The only surprise is that anyone would think such a transparently political move could counterbalance the administration’s sagging credibility on Iraq.
Politics aside, the National Intelligence Estimate paints a bleak picture of terrorist threats in hotspots around the world nearly six years after the Sept. 11 attacks and four years after the U.S. and its allies invaded Iraq – a pre-emptive move aimed at tamping down terrorism and seizing weapons of mass destruction.
The assessment, a declassified portion of which was made public Tuesday, contends al-Qaeda may try to attack the U.S. by using the terrorist network’s followers in Iraq.
Wait a minute. Last year’s intelligence assessment, compiled by 16 U.S. spy agencies, said the U.S. presence in Iraq had increased Islamic radicalism and worsened the threat of terror around the world.
It would seem that the administration is engaging in circuitous logic. When you put the pieces together, it goes something like this: The U.S. invasion created an incubator for radicals who are searching for weapons and means to attack the U.S. Given the situation, we can’t possibly leave Iraq.
“Al-Qaeda would have been a heck of a lot stronger today had we not stayed on the offensive,” Bush said.
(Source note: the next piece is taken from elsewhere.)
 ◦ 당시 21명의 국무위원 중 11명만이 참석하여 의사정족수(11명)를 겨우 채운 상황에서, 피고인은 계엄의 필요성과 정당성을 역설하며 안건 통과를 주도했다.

The declassification and release of the report, which was completed in June, came on the same day that Senate Democratic leaders planned an all-nighter at the Capitol in the hopes of coaxing reluctant Republicans to drop support for the president’s war strategy.
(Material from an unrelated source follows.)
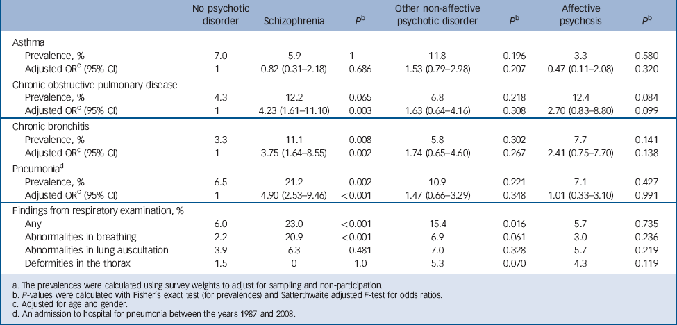 Table 3 Prevalences and adjusted odds ratios for respiratory diseases and symptoms for participants with and without psychotic diosrder a

Democrats tried, but failed, to get a vote on a measure urging the withdrawal of U.S. troops from Iraq by spring. Bush has fumed that it’s not the place of Congress to meddle in war strategy. But certainly federal lawmakers have considerable interest in the war and, importantly, the power to fund it.
Though the administration pulled out the stops in its release of the report and deployment of administration officials to talk up the need to continue the war effort, a careful reading of the assessment is anything but supportive of Bush’s Iraq strategy.
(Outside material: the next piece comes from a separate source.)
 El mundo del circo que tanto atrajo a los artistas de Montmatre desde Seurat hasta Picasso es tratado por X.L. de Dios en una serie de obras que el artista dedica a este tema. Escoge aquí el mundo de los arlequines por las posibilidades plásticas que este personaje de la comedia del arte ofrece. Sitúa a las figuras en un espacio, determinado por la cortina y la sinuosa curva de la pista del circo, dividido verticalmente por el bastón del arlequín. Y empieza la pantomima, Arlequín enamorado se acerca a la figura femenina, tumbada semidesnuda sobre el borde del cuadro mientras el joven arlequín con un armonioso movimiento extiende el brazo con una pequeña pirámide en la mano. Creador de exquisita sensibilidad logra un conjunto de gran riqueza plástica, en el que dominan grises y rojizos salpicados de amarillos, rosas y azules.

The assessment says al-Qaeda “has protected or regenerated key elements of its Homeland attack capability” by significantly strengthening its ranks in Pakistan. So, while U.S. forces were presiding over the disintegration of Iraq into civil war, our so- called allies in Pakistan were allowing al-Qaeda to regroup? That doesn’t sound like effective strategy. It sounds like the administration took its eyes off the ball in an all-encompassing effort to wrestle Iraq into submission.
The latest National Intelligence Estimate actually weakens the president’s already shaky reasoning for continuing his war policy. On top of that, the White House recently gave Iraq a decidedly mixed progress report on benchmarks for military, security and political progress.
The current Iraq strategy isn’t working. It’s time for the president to accept that truth and devise a plan that takes into account the harsh realities of the situation.